Blair spent 24 hours in New Zealand last week - one of only three British PMs to have visited in the past century.
He was obviously jetlagged - and rather surprisingly scruffy - when he arrived at the Auckland Town Hall on Tuesday night for a cocktail reception hosted by Helen Clark.
But his characteristic passion shone through when he spoke, without using notes, of the gallantry of New Zealand troops in two world wars.
Blair's decision to unreservedly back President George Bush's Iraq invasion inevitably dominated news media questioning here. He's loathed by MPs in his own party and faces allegations of sleaze in that Labour sold peerages for loans to finance the last election.
Despite that, the consummate professional presents an upbeat mood when he is ushered in for the last of three quick interviews at the Langham Hotel.
If New Zealanders have doubts about the Iraq invasion, that's fine. He points out British and New Zealand troops are working together in Afghanistan.
"So I think you can exaggerate this."
His big concern now is about the US "pulling up the drawbridge and disengaging" from the world.
"There are very strong and powerful isolationist and protectionist voices in the United States," he warns, "and it would obviously be very serious for the world if those voices prevail.
"There is increasingly a distinction in the world between countries that are open or closed. Do they open up to globalisation, which means for example opening their markets to trade, getting our business and industry very competitive - not being very afraid of migration - or do they close down.

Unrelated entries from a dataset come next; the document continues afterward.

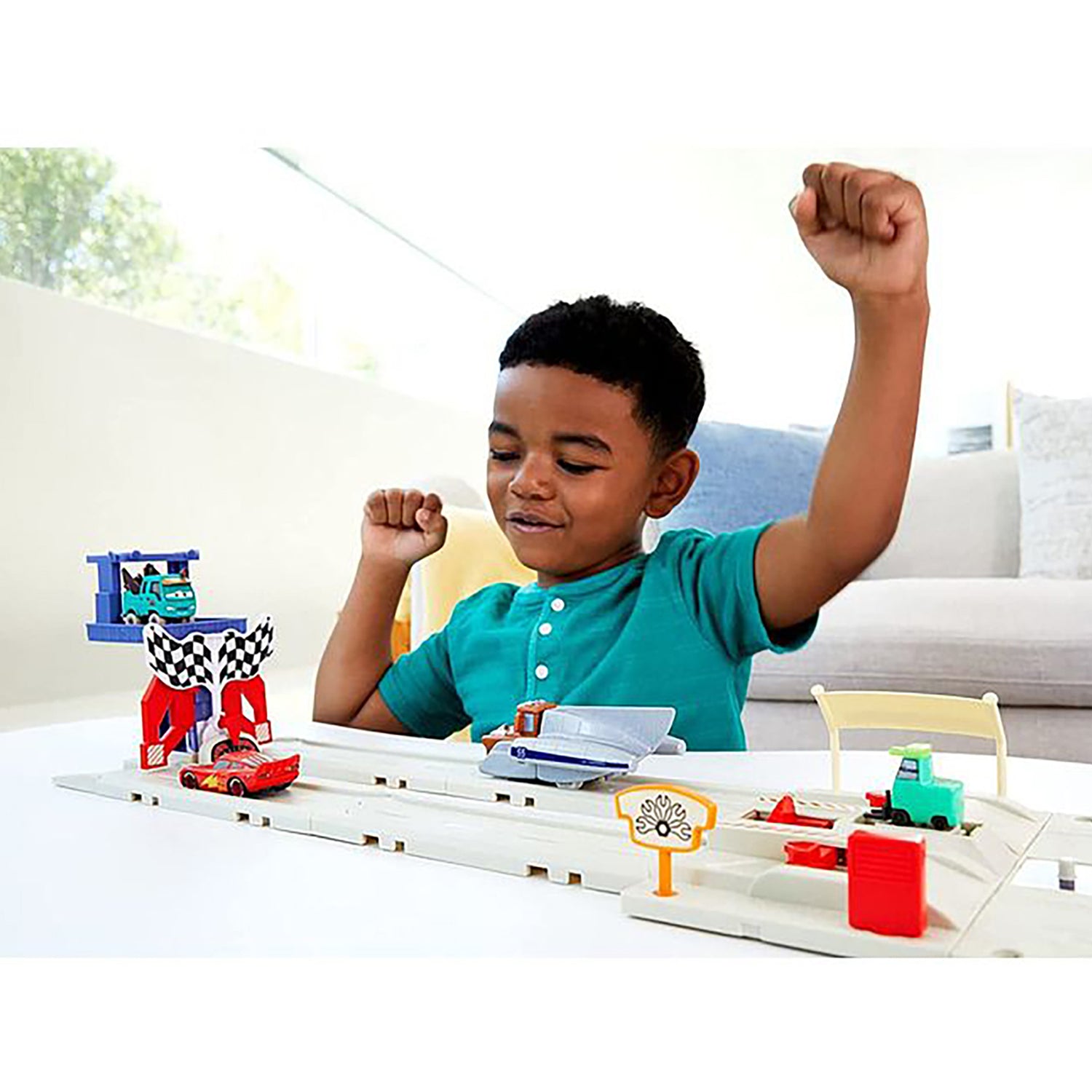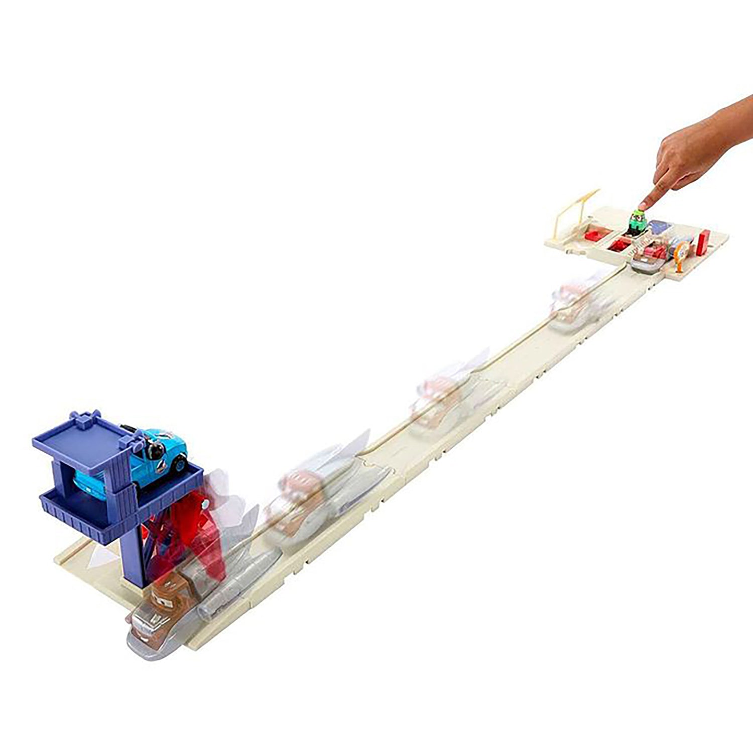 Inspired by the Disney+ series from Pixar, Cars On The Road, this Salt Flats Super Speed Playset shows off a fan-favouriteite character in a big way -the included Super Speed Mater vehicle is oversized and complete with rocket-like details! Kids can let the series exclusive Pitty vehicle, Sara Coggs, tune up vehicles before the race, then watch Super Speed Mater truck and his friends (other vehicles sold separately) race down the track to hit the target and turn the flag. Cars fans can connect the tracks in multiple ways to create moments from the series at the iconic location -and they can collect all the show and movie vehicles to play out adventures (each vehicle sold separately, subject to availability). Colours and decorations may vary.
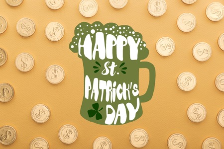 top view of shiny golden coins near happy st patricks day lettering on orange background
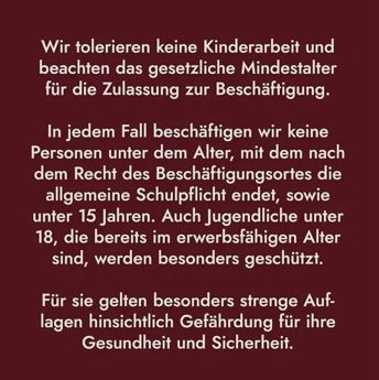 Unsere Verpflichtung zur Einhaltung von Menschenrechten und Umweltstandards kannst du in unserem Code of Conduct und unser Human Rights Due Diligence Policy genau nachlesen.
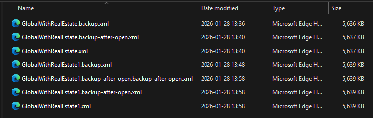 I changed it to “GlobalWithRealEstate” and then, out of real scare of not saving all the work, I saved as “GlobalWithRealEstate1”. You can see both of them in the screenshot

"And the same is true in foreign policy - are you engaged in the world and are constantly trying to go out and resolve problems, or do you withdraw?

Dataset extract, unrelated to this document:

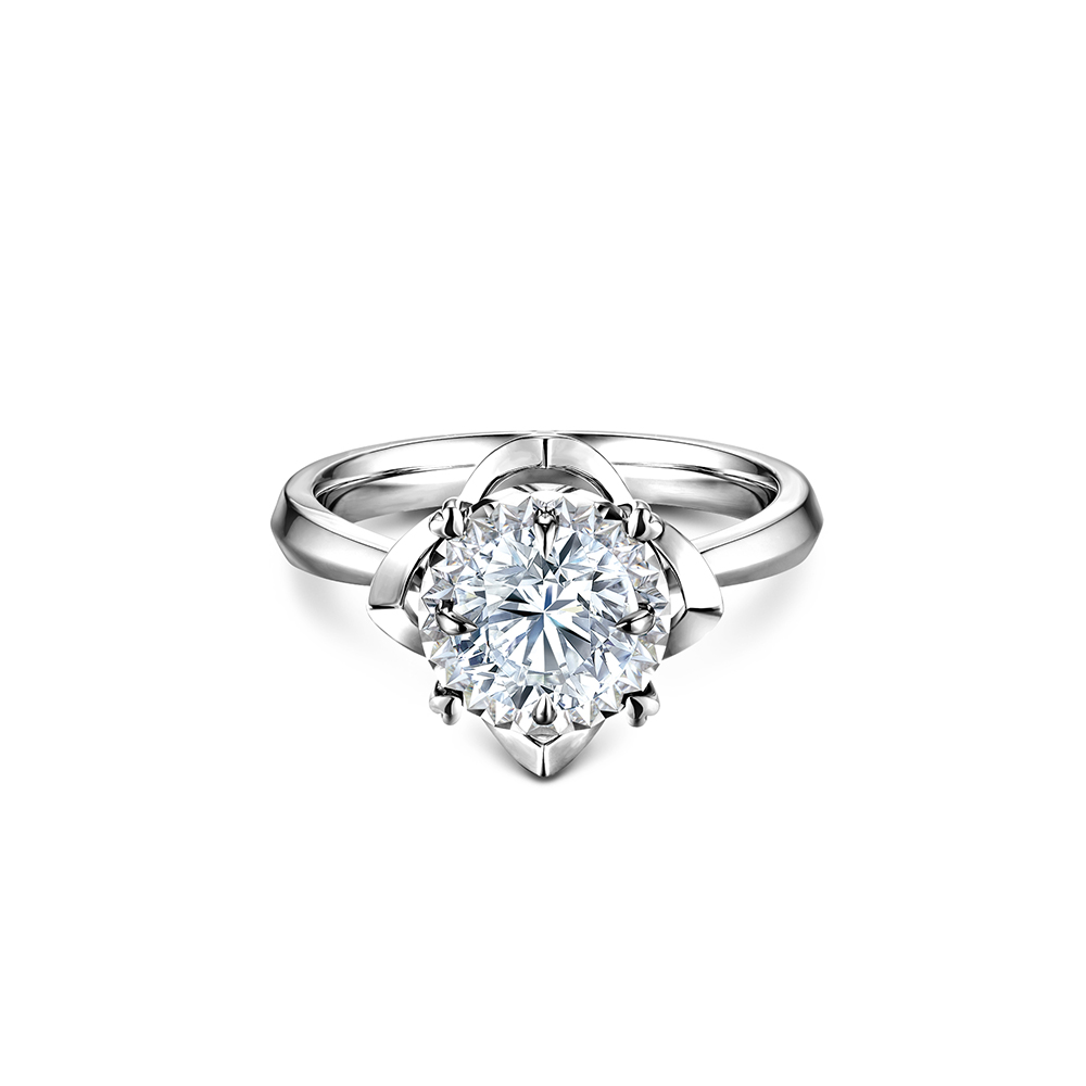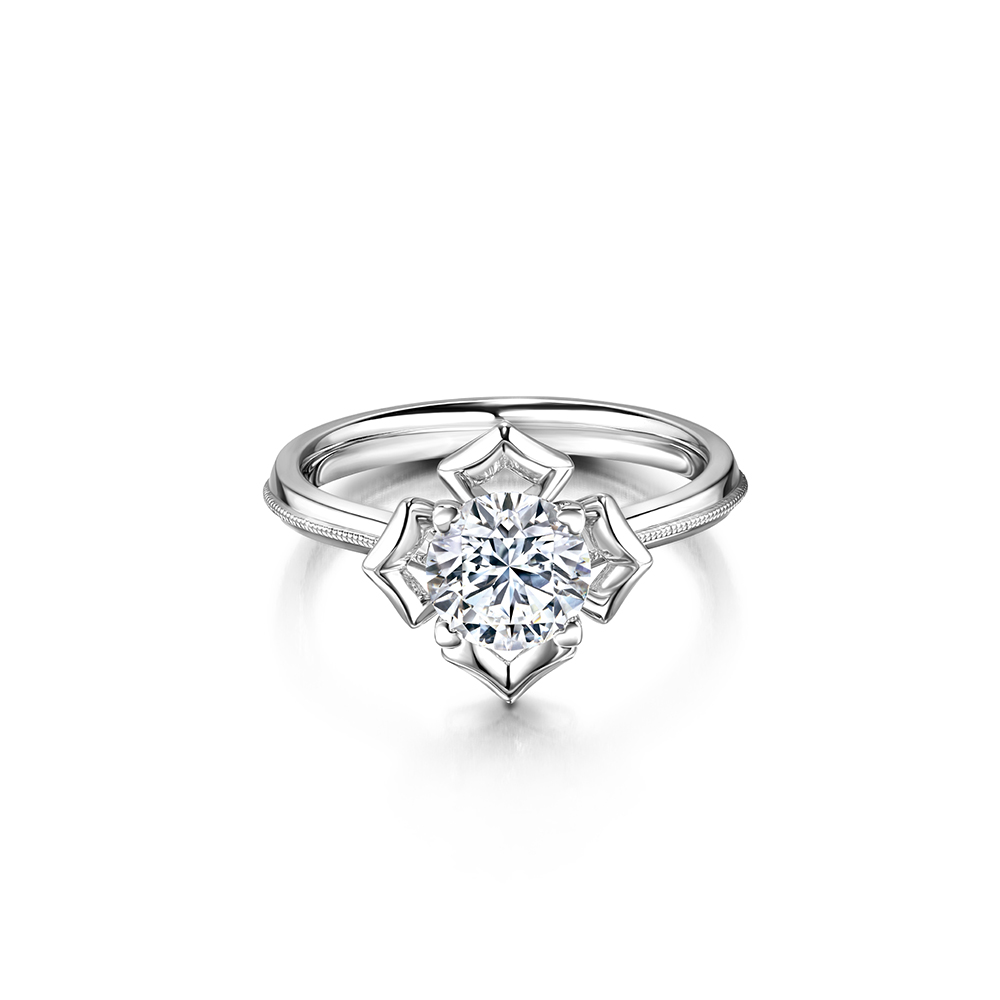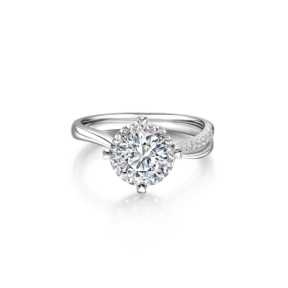 When I meet you, my heart beats faster and love blossoms in my heart. Love makes me shine with sparkling beauty. Designers use simple lines to capture the beauty of flower buds. Four sweet hearts at the bottom of the setting glow with love and romance. “Shiny Diamond Setting” enhances the visual effect of the main stone, bringing out the sparkle and brilliance of the love-infused diamond.

He's working on a major speech which he intends to deliver in the United States promoting changes he believes will make for more effective multilateralism.

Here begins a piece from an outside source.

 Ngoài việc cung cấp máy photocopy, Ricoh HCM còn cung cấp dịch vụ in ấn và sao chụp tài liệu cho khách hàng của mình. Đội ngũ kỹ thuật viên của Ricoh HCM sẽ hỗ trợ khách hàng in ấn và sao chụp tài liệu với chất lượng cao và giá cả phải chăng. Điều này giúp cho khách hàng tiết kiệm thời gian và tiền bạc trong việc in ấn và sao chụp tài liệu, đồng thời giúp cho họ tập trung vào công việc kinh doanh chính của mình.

"The trouble is that too often people are faced with a choice between multilateralism that appears to be of the lowest common denominator and can be weak therefore and unilateralism - that may not be the right way to put it- but a sort of ad hoc coalition which is the alternative which can have the strength but not the support."
He singles out the United Nations, the World Trade Organisation, the International Monetary Fund and the World Bank as candidates for reform.
"I think that in each case we have to ask are they operating with the effectiveness we want at the moment."
In Blair's mind it's simple: the politics of globalisation lag behind economics.
"In exactly the same way that economies, communication and culture are coming right across the frontiers, the same is true of politics - yet we are not geared up to that.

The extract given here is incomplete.